*** Opening Input data ***

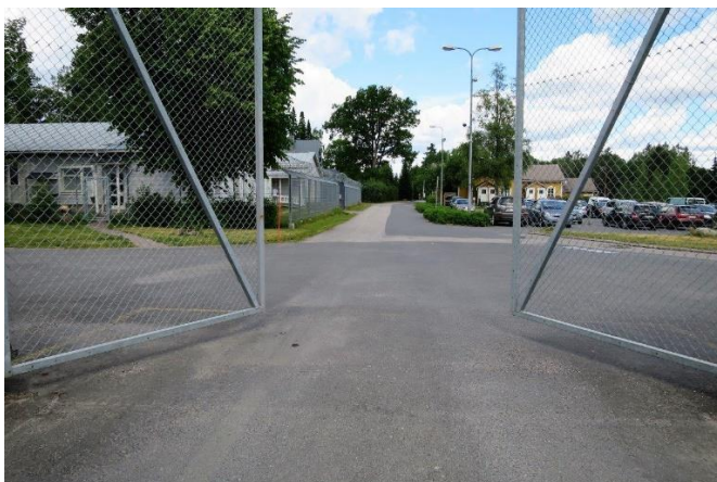
Kuva 1: Suljetun vankilan portti

Sisäänkäynti suljetun vankilan puolelle tapahtuu portin vieressä olevasta ovesta, jossa on korkeahko kynnyks liikkumisen apuvälineitä käyttävälle henkilölle. Oven vieressä on ovisummeri, joka on sijoitettu korkealle pyörätuolia käyttävälle henkilölle. Vartijoiden kertoman mukaan liikkumisen apuvälinettä käyttävä henkilö päästetään sisään isosta portista, jota kautta kulku suljetun vankilan pihalle on esteetön. Liikkumisesteiset henkilöt tarkistetaan erillisellä käsikäyttöisellä metallinpaljastimella.
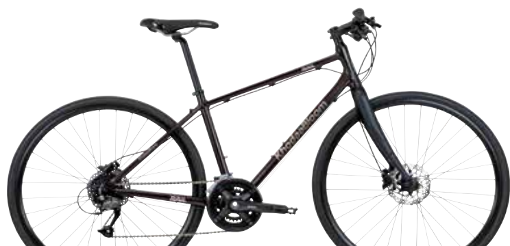
マットダークブラウン

*** Closing Input data ***

Problem to solve:
Repeat the listing above verbatim, but exclude the pictures it contains.

Answer space:
Kuva 1: Suljetun vankilan portti

Sisäänkäynti suljetun vankilan puolelle tapahtuu portin vieressä olevasta ovesta, jossa on korkeahko kynnyks liikkumisen apuvälineitä käyttävälle henkilölle. Oven vieressä on ovisummeri, joka on sijoitettu korkealle pyörätuolia käyttävälle henkilölle. Vartijoiden kertoman mukaan liikkumisen apuvälinettä käyttävä henkilö päästetään sisään isosta portista, jota kautta kulku suljetun vankilan pihalle on esteetön. Liikkumisesteiset henkilöt tarkistetaan erillisellä käsikäyttöisellä metallinpaljastimella.
マットダークブラウン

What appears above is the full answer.